Eye Patch presses the gun to Linda’s forehead, it’s metal still hot. “He said not to kill you, but I don’t like you. You’re a stupid, mouthy bitch.” He squeezes the trigger. 

Nothing happens. 

He tries again. 

Nothing. 

He grunts in aggravation, then whips the gun across Linda’s face a second time.

Linda hears the crunch of her own bones before the world goes dark. 

Blood dribbles down Linda’s cheek, her temples pound. With effort, she half-opens her right eye, the left swollen closed. A small brown eye of a puppy looks back at her. He appears to be part wolf—skinny, long tail, big paws. He nuzzles Linda’s neck. As he does, a calm comes over her, a relief from the pain, the power to stand. She limps unsteadily toward the church, the puppy keeping pace at her side. 

Everywhere around her, bodies, machine guns, and blood dirty the desert sands. “These men were like my family,” she cries. “How will I tell their wives, their mothers, their children? Idid this. They all told me not to, but I did it anyway.”

“Linda.” Cesar’s weak voice summons her from the scarlet sands. He crawls out from behind an ATV, blood soaking his shirt. The puppy licks Cesar’s wounds, the bleeding stops. Cesar looks at Linda. “Maybe there are angels,” he says.

“Maybe,” Linda replies as they enter the church. 

Butterflies, songbirds, and bees flutter around Victor’s bullet-riddled corpse. He hangs from the cross by his right arm, his left arm completely severed by the force of gunfire. 

“Do you see the light shining all around him?” Cesar asks, his eyes bright with tears.

“All that they’ve been saying is true,” Linda replies, falling on her knees before the cross. “It isn’t about drugs, or even vengeance. It’s about the water.” 

The puppy barks. A black Mercedes approaches through the empty desert. 

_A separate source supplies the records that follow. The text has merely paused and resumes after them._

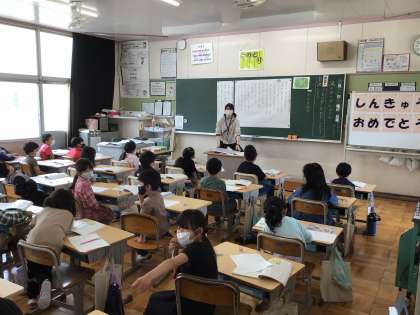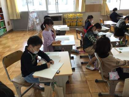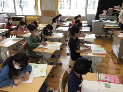 国語「風のゆうびんやさん」の授業です。みんなでくもの声を思いうかべながら音読しています。どんな声だろうねー?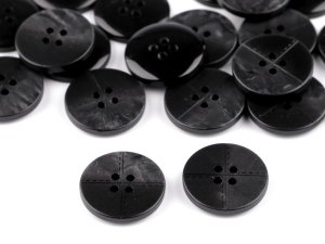 Efektní čtyřdírkové knoflíky vyniknou na košilích, sakách, bundách i svetrech. Část knoflíku je designově šrafovaná.
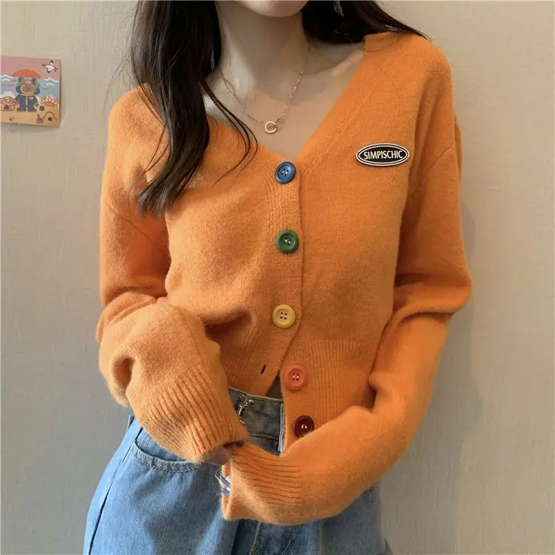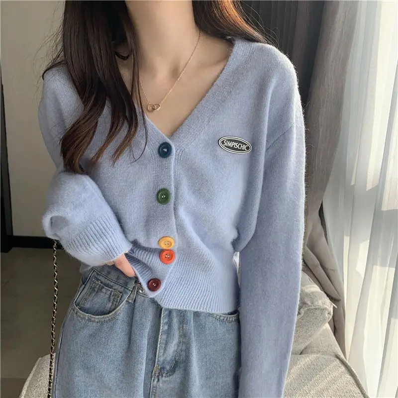 Cardigan for Women Long Sleeve Knitted Sweaters Sweater Cropped Crochet Kawaii V Neck Cardigans Woman Black Tops Cute 2025 Trend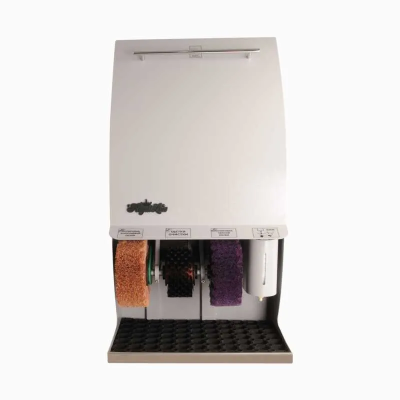 Устройство комплектуется двумя щётками полировки – для светлой и темной обуви и жесткой щёткой для предварительной очистки.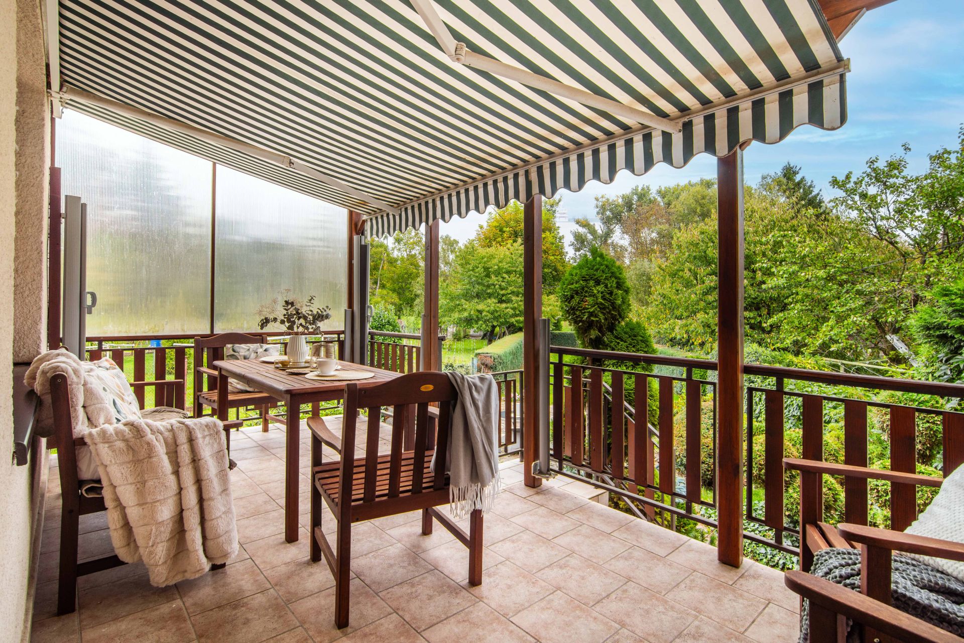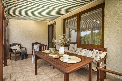 Dominantou je vyvýšená zastřešená terasa (12 m²) s mobilním zavětrováním, takže si ji užijete po celý rok – ať svítí slunce, prší nebo fouká vítr.
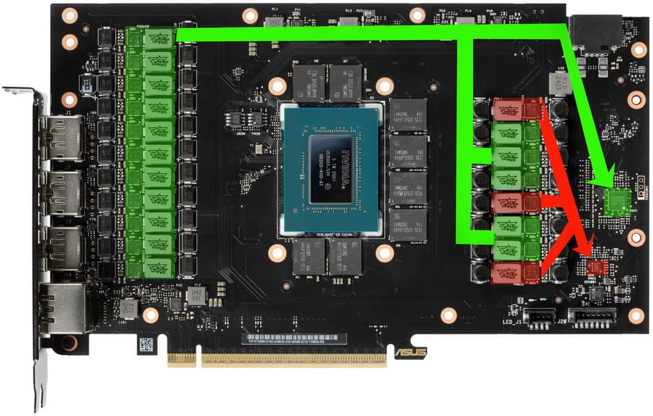 Зеленым цветом отмечена схема питания ядра, красным — памяти. Все ШИМ-контроллеры расположены на лицевой стороне PCB.
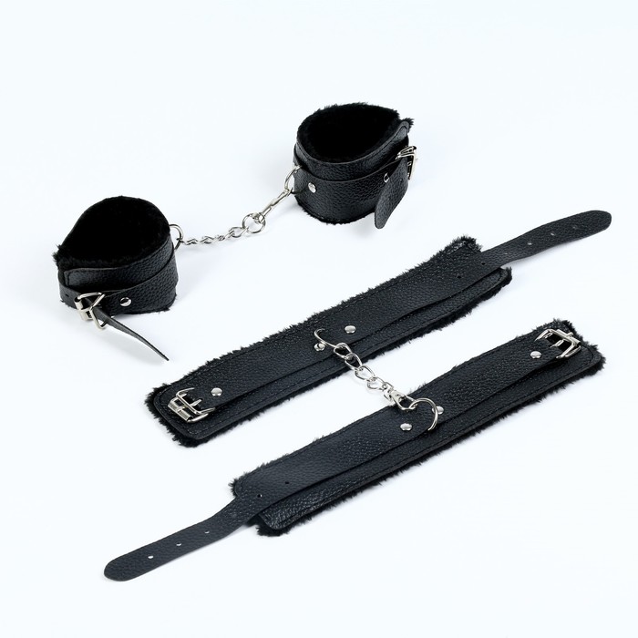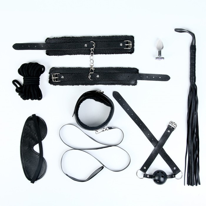 БДСМ набор выполнен из эко-кожи с искусственным мехом. Все ремни имеют систему регулировки. В состав набора входят 8 предметов: наручники, кляп, ошейник, поводок, верёвка,маска, анальная пробка, плеть. Кляп выполнен из эко-кожи и abs пластика. Шарик имеет оптимальный размер, хорошо помещается в рот, а ремешок имеет систему регулировки, так что он подойдет и для нее и для него. Наручники и ошейник с меховой вставкой, которая обеспечит приятное прилегание к телу. Поводок крепится к ошейнику при помощи карабина, имеет длину 103 см. Хлопковая верёвка для связывания 5 м. Анальная пробка из медицинской стали с кристаллом. Диаметр пробки 2,8 см небольшой размер поможет постепенно растянуть и подготовить мышцук анальному сексу.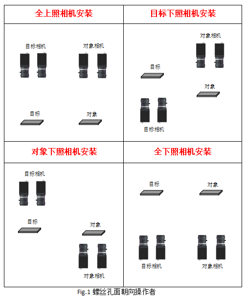 相機(jī)的安裝方向:以操作者站立調(diào)試的位置為基準(zhǔn)(一般就是顯示器的位置),相機(jī)的螺絲孔面朝向操作者,標(biāo)簽面(即正面)遠(yuǎn)離操作者。這樣才能保證實(shí)際圖像和顯示器圖像保持一致性,方便調(diào)試。

The desert passes in a blur of oranges, pinks, and purples as the sun sets. Linda strokes the fur of the puppy. “I’m naming him Guadalupe,” she says. “And every day that he is alive, he will remind me to believe. I will remember that all this death was my doing because I doubted, because I thought I was smarter, I knew more. I must believe it all, even the parts that I don’t want to be true…about the demons. No matter who they are.”

Kit’s blue eyes meet Linda’s in the rearview mirror. “No matter who they are,” she says as Yves turns onto the long ranch road, into a cloud of toxic smoke.

Flames lick the sky.

“The girls!” Linda calls out. “The ranch! All I have left!”

Suddenly, a torrential sheet of rain pours down from what had been a cloudless sky.

Zandra and the four children stand in the downpour, watching their home burn to ash. Sirens sound in the distance. 

Marina comes to the car window, water running rivers down her brow. “I couldn’t stop them. I tried...the rain…” 

         The rain stops, the last embers burn. 

Estrella and Guadalupe cuddle in the backseat of the Mercedes. For the first time in two days, Victor Chavez’s young daughter sleeps. 

The puppy extends his oversized paw around Estrella’s curled body, opens one wolfish eye, and growls.